How to replace repeated instances of a character with a single instance of that character in python

Question

I want to replace repeated instances of the \"*\" character within a string with a single instance of \"*\". For example if the string is \"*

Answer 1

Well regular expressions wise I would do exactly as JoshD has suggested. But one improvement here.

Use -

regex  = re.compile('\*+')
result = re.sub(regex, "*", string)

This would essentially cache your regex. So subsequent usage of this in a loop would make your regex operations fast.

Answer 2

I'd suggest using the re module sub function:

import re

result = re.sub("\*+", "*", "***abc**de*fg******h")

I highly recommend reading through the article about RE and good practices. They can be tricky if you're not familiar with them. In practice, using raw strings is a good idea.

Answer 3

Lets assume for this sake of this example, your character is a space.

You can also do it this way:

while True:
    if "  " in pattern: # if two spaces are in the variable pattern
        pattern = pattern.replace("  ", " ") # replace two spaces with one
    else: # otherwise
        break # break from the infinite while loop

This:

File Type                       : Win32 EXE
File Type Extension             : exe
MIME Type                       : application/octet-stream
Machine Type                    : Intel 386 or later, and compatibles
Time Stamp                      : 2017:04:24 09:55:04-04:00

Becomes:

File Type : Win32 EXE
File Type Extension : exe
MIME Type : application/octet-stream
Machine Type : Intel 386 or later, and compatibles
Time Stamp : 2017:04:24 09:55:04-04:00

I find this is a little easier than having to muck around with the re module, which can get a little annoying sometimes (I think).

Hope that was helpful.

Answer 4

You wrote:

pattern.replace("*"\*, "*")

You meant:

pattern.replace("\**", "*")
#                ^^^^

You really meant:

pattern_after_substitution= re.sub(r"\*+", "*", pattern)

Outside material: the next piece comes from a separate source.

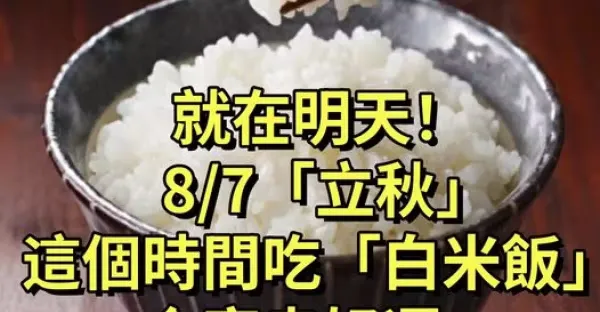 就在明天! 8/7「立秋」這個時間吃「白米飯」全家走好運,財運旺一整年!

which does what you wanted.

Answer 5

I timed all the methods in the current answers (with Python 3.7.2, macOS High Sierra).

b() was the best overall, c() was best when no matches are made.

def b(text):
    re.sub(r"\*\*+", "*", text)

# aka squeeze()
def c(text):
    while "*" * 2 in text:
        text = text.replace("*" * 2, "*")
    return text

Input 1, no repeats: 'a*a*a*a*a*a*a*a*a*a*a*a*a*a*a*a*a*a*a*a*a*a*a*a*a*a*a*a*a*a*a*a*a*a*a*a*a*a*a*a*a*a*a*a*a*a*a*a*a*a*a*a*a*a*a*a*a*a*a*a*a*a*a*a*a*a*a*a*a*a*a*a*a*a*a*a*a*a*a*a*a*a*a*a*a*a*a*a*a*a*a*a*a*a*a*a*a*a*a*a*'

• a) 10000 loops, best of 5: 24.5 usec per loop
• b) 100000 loops, best of 5: 3.17 usec per loop
• c) 500000 loops, best of 5: 508 nsec per loop
• d) 10000 loops, best of 5: 25.4 usec per loop
• e) 5000 loops, best of 5: 44.7 usec per loop
• f) 500000 loops, best of 5: 522 nsec per loop

Input 2, with repeats: 'a*a*a*a*a*a*a*a*a*a*a*a*a*a*a*a*a*a*a*a*a*a*a*a*a*a*a*a*a*a*a*a*a*a*a*a*a*a*a*a*a*a*a*a*a*a*a*a*a*a*a*a*a*a*a*a*a*a*a*a*a*a*a*a*a*a*a*a*a*a*a*a*a*a*a*a*a*a*a*a*a*a*a*a*a*a*a*a*a*a*a*a*a*a*a*a*a*a*a*a*****************************************************************************************************a*a*a*a*a*a*a*a*a*a*a*a*a*a*a*a*a*a*a*a*a*a*a*a*a*a*a*a*a*a*a*a*a*a*a*a*a*a*a*a*a*a*a*a*a*a*a*a*a*a*a*a*a*a*a*a*a*a*a*a*a*a*a*a*a*a*a*a*a*a*a*a*a*a*a*a*a*a*a*a*a*a*a*a*a*a*a*a*a*a*a*a*a*a*a*a*a*a*a*a*'

• a) 5000 loops, best of 5: 46.2 usec per loop
• b) 50000 loops, best of 5: 5.21 usec per loop
• c) 20000 loops, best of 5: 13.4 usec per loop
• d) 5000 loops, best of 5: 47.4 usec per loop
• e) 2000 loops, best of 5: 103 usec per loop
• f) 20000 loops, best of 5: 13.1 usec per loop

The methods:

#!/usr/bin/env python
# encoding: utf-8
"""
See which function variants are fastest. Run like:
python -mtimeit -s"import time_functions;t='a*'*100" "time_functions.a(t)"
python -mtimeit -s"import time_functions;t='a*'*100" "time_functions.b(t)"
etc.
"""
import re


def a(text):
    return re.sub(r"\*+", "*", text)


def b(text):
    re.sub(r"\*\*+", "*", text)


# aka squeeze()
def c(text):
    while "*" * 2 in text:
        text = text.replace("*" * 2, "*")
    return text


regex = re.compile(r"\*+")


# like a() but with (premature) optimisation
def d(text):
    return re.sub(regex, "*", text)


def e(text):
    return "".join(c for c, n in zip(text, text[1:] + " ") if c + n != "**")


def f(text):
    while True:
        if "**" in text:  # if two stars are in the variable pattern
            text = text.replace("**", "*")  # replace two stars with one
        else:  # otherwise
            break  # break from the infinite while loop
    return text

Answer 6

text = "aaaaaaaaaabbbbbbbbbbcccccccffffdffffdaaaaaa"

result = " "

for char in text:

if len(result) > 0 and result[-1] == char:
    continue
else:
    result += char

print(result) # abcda